#### [Data segment]
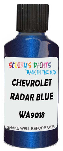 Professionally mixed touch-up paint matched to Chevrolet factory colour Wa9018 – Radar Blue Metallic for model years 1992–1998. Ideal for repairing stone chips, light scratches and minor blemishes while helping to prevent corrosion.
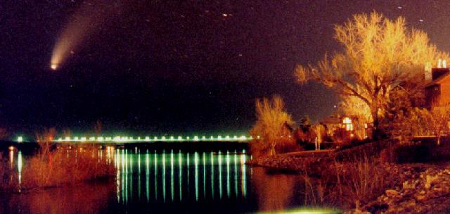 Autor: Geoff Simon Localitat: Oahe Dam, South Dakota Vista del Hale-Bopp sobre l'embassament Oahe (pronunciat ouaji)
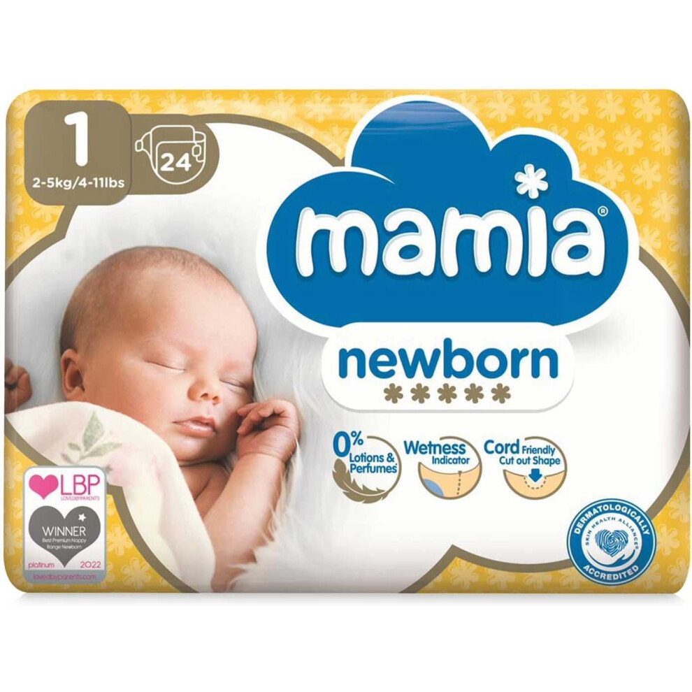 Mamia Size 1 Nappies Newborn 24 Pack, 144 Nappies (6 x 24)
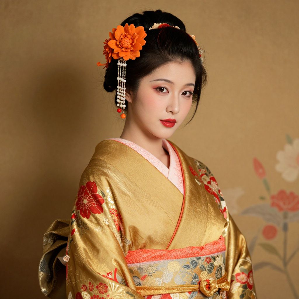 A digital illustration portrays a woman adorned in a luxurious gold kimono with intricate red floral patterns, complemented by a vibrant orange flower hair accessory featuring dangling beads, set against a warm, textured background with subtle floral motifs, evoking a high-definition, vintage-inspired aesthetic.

#### [What is being asked]
Leaving aside the pictures, copy the listing above exactly.

#### [Answer to this problem]
 Professionally mixed touch-up paint matched to Chevrolet factory colour Wa9018 – Radar Blue Metallic for model years 1992–1998. Ideal for repairing stone chips, light scratches and minor blemishes while helping to prevent corrosion.
 Autor: Geoff Simon Localitat: Oahe Dam, South Dakota Vista del Hale-Bopp sobre l'embassament Oahe (pronunciat ouaji)
 Mamia Size 1 Nappies Newborn 24 Pack, 144 Nappies (6 x 24)
 A digital illustration portrays a woman adorned in a luxurious gold kimono with intricate red floral patterns, complemented by a vibrant orange flower hair accessory featuring dangling beads, set against a warm, textured background with subtle floral motifs, evoking a high-definition, vintage-inspired aesthetic.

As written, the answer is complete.